The Government of Canada is dealing with the fallout of the poor rollout of their new Phoenix Pay System. If what your article is saying, and the above comments show, without going through a formal options assessment and setting out clear parameters for the product, many systems will be plagued with problems. The economics of the Phoenix Pay System debacle illustrate the need to project specifications that set out the project requirements and are adhered to; and only changed once the entire project team has discussed and vetted any changes.
Oh, and I am not a programmer. I am however, an engineer responsible for multi-million dollar projects that quickly go sideways when issues arise and are not properly mitigated.
There exist automated and semi-automated software verification tools that prove that the code is correct (according to the programming language specification).
One such tool is Frama-C with Jessie plugin (for formal proof of C programs). But you need to state your assumptions explicitly, using ACSL (ANSI/ISO C Specification Language) – in a comment for the function to be proven. The tool transforms ACSL + code into math to be proven.
Similar tools exist for Java.
Interesting that this is next to your post about power law distribution of passwords. I imagine the reason why no one cares about formal verification is that bugs themselves follow a power law. Perhaps in the C++ realm, memory corruptions are most common, race conditions 1/10th as common as memory corruptions, parser bugs 1/10, failure to exhaustively match all cases . . .

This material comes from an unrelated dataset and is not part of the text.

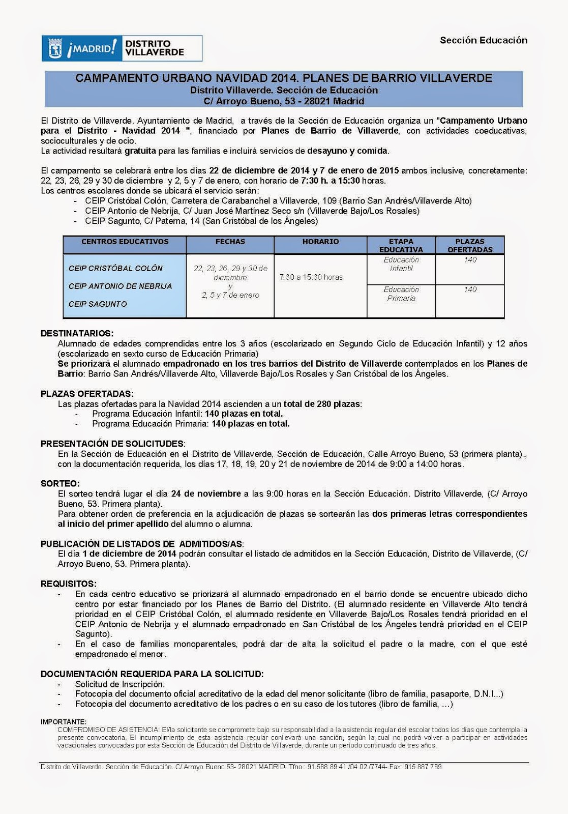 Se amplia el plazo de presentación de solicitudes de los Campamentos Urbanos de Navidad 2014, durante la última semana de noviembre: Días 24, 25, 26, 27 y 28 de noviembre de 2014 de 9:00 a 14:00 horas, en el Distrito de Villaverde, Sección de Educación, Calle Arroyo Bueno, 53 (primera planta).

Well, we have tools for dealing with these common bugs: AddressSanitizer, UndefinedBehaviorSanitizer, fuzz testing, static analysis.

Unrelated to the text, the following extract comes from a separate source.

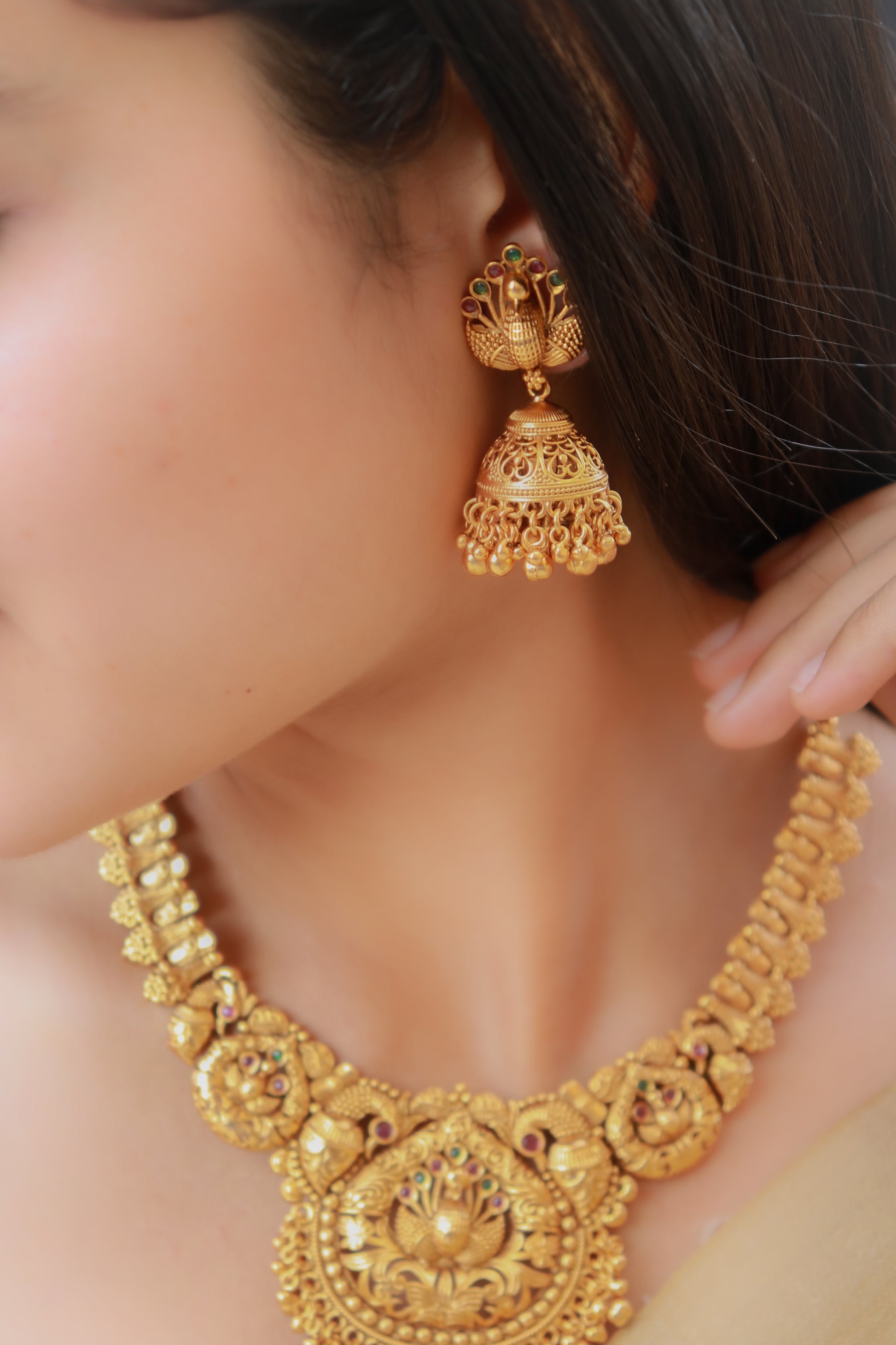 This enchanting temple-work necklace features intricate designs that echo ancient artistry, adorned with divine motifs and stunning details. It radiates a timeless charm, perfect for elevating any traditional or festive attire.

Nobody needs to remove *all* their bugs, they only need to remove the ones that get hit. If bugs were uniformly distributed over all classes of bugs, I imagine formal verification would be useful.
Yes, it’s all about economics.
A characteristic of formal proofs is that they are very difficult to change, i.e., to reflect changes in the requirements. My experience is that maintenance of a formal proof is much higher than maintaining code (formal proofs tend to be edifices that collapse when touched). There may be ways of writing proofs that are less costly to update, but researchers seem more interest in proving things than making it easier to change proofs.
The other problem with formal methods is that those involved behave like snake oil salesmen, with grandiose claims that have no connection to what they have actually proved. So they get laughed at and ignored. The field needs to sort out its intellectual dishonesty issues.
http://shape-of-code.coding-guidelines.com/2013/03/10/verified-compilers-and-soap-powder-advertising/
Derek: Nice post on verified compilers.
It seems that as software becomes more and more about machine learning (ML), that the landscape around formal proofs will change. Given the dynamic nature of the ‘algorithms’ in a neural net or other ML system, I am not sure how one would proceed with a traditional approach to an algorithm proof. I hear talk about AI/ML systems such as, “we don’t really know what the algorithm is in current systems like AlphaGoZero”, or “at some point in the future, we will have no hope of understanding sufficiently advanced AI”. Where will formal software proofs be then?